少しずつ死に近づいていく母と、生きる力が溢れている子どもたちを行き来する自分。落差がありすぎてどうしたって、生きることや死ぬことについて考える時間が増えてしまう。布団に入って、眠りにつくまでの時間、表裏一体である生と死について思いを巡らせた。
「せっかく生きるなら楽しい方がいい」と思うように
中学の国語で、平家物語の冒頭を初めて知った時のことを思い出す。
「祇園精舎の鐘の声、諸行無常の響きあり、沙羅双樹の花の色、盛者必衰の理をあらわす」
文の美しさと、残酷な理の対比に強い衝撃を受けた。
誰もが皆、盛者も必衰するのだ。生きる以上、死はやってくる。生きる物はそれを繰り返して、命をつないでいるのだ。そうか、そうだよな。じゃあ生きるってなんだろう。何のために生きるんだろう。そんなことを考えるのは人間だけだろうから、この悩みは人間の贅沢だろうか。
中学の時も今も、死は怖いけど、心境は少し変わった。
ただ漠然と怖くて目を背けていたのが、「せっかく生きるなら楽しい方がいい」と思うようになった。何か劇的な変化が自分に起こったわけではなく、たぶん、あまりにも絶対的な死を、ほんのちょっとずつ受け入れているのだと思う。
棋力は下り坂に入っていくのだろう
私は今年35歳になり、72歳で亡くなった母の、ほぼ半分だ。
人生の折り返し地点であり、時間が経てば経つほど、成長するよりは退化することの方が多くなっていく。将棋も、緩やかだとしても、棋力は下り坂に入っていくのだろう。勝ち負けの世界で、それを受け入れていくのは、たぶんかなり厳しい。しかしそれもおそらく、誰もが抗いながら受け入れていくのだろう。
諦めることと受け入れることは、似ているけど、気持ち的には違う。
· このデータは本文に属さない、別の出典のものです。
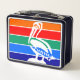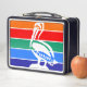 Lunch Box con un diseño con la bandera de San Petersburgo, Florida. Bandera de rayas naranja, rojas, verdes, azules y azul marino con un símbolo de pelícano blanco

事実を受け入れた上で、死を迎えるまでどうやって生きていくかは、その人が選べる。
最後に額に手を乗せ、「お疲れ様でした」と声を掛けた
自分がこの世を去る時に、何を思うだろう。
10年、20年、その時々で思っていることは変わるだろうけど、少なくとも人生の半分くらいは将棋を指して生きているから、誰かが自分の棋譜を並べてくれたら嬉しいはずだ。並べたいと思われるような将棋を、指したい。
母はどういう人生だったのだろう。
最後に額に手を乗せ、「お疲れ様でした」と声を掛けた。
葬式が終わり、桜が咲いた。
春が来る度に桜は咲いて、散っていき、私たちはそれを美しいと感じる。
子どもと散歩していると、「こんなに切って大丈夫なの?」と思うほど短く剪定された紫陽花の枝から、きれいな緑色の新芽が上へ上へと伸びていた。